Diamond Offshore Reports Third Quarter 2014 Results

Contracts Awarded to Two New Drillships

Contract Extensions Awarded on Three Semisubmersibles

HOUSTON, October 23, 2014 — Diamond Offshore Drilling, Inc. (NYSE: DO) today reported third quarter 2014 net income of $53 million, or $0.38 per share, compared to net income of $95 million, or $0.68 per share, in the third quarter of 2013. Revenues in the third quarter of 2014 were $738 million, compared to revenues of $706 million in the third quarter of 2013.

The Company today announced plans to retire and scrap six of its mid-water semisubmersible rigs, resulting in a non-cash impairment charge in the third quarter of $109 million before tax, or $0.84 per share after tax.

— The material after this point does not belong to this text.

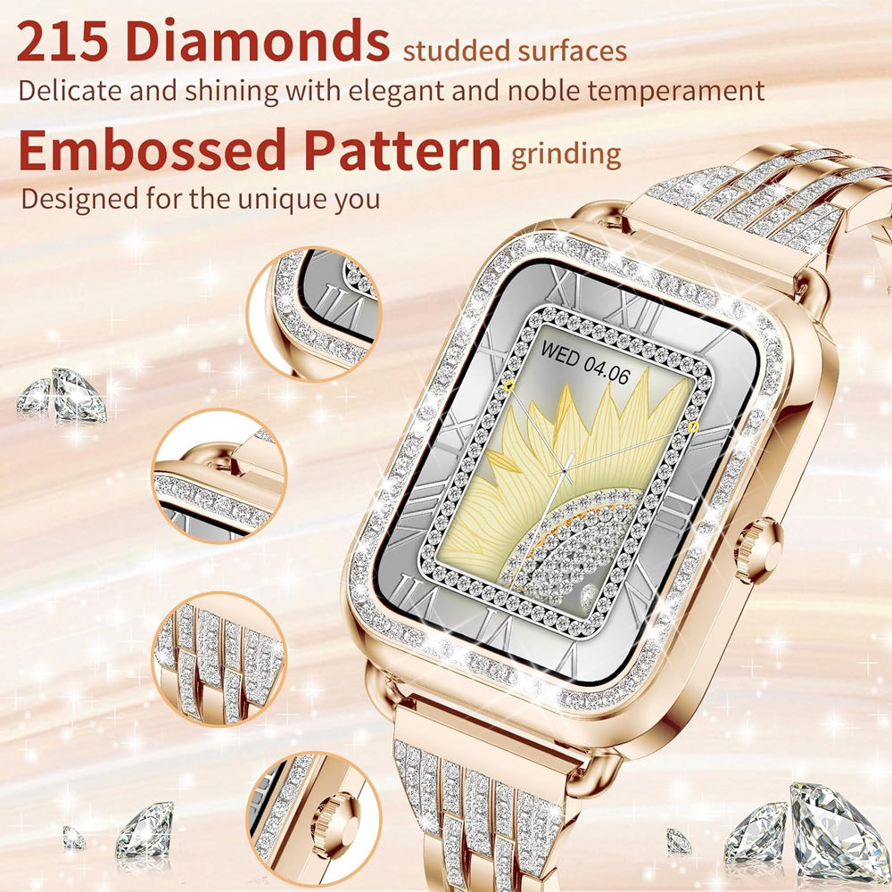 Smartwatch Damen mit Telefonfunktion Diamond, 1.32" Damenuhr mit Anruffunktion ,Menstruationszyklus

The retired units include the Ocean Epoch, Ocean New Era and Ocean Whittington, which are currently cold-stacked, and the Ocean Concord and Ocean Yatzy, which are currently idle in Brazil. The sixth unit, the Ocean Winner, will be retired and scrapped upon completion of its current contract term in Brazil.

Results for the quarter include favorable settlements of tax audits in Brazil and Malaysia and expiration of the statute of limitations in various jurisdictions for which tax expense had previously been recognized. As a result of these items, tax expense was reduced by $0.23 per share, and a related decrease in interest expense benefited results by $0.03 per share.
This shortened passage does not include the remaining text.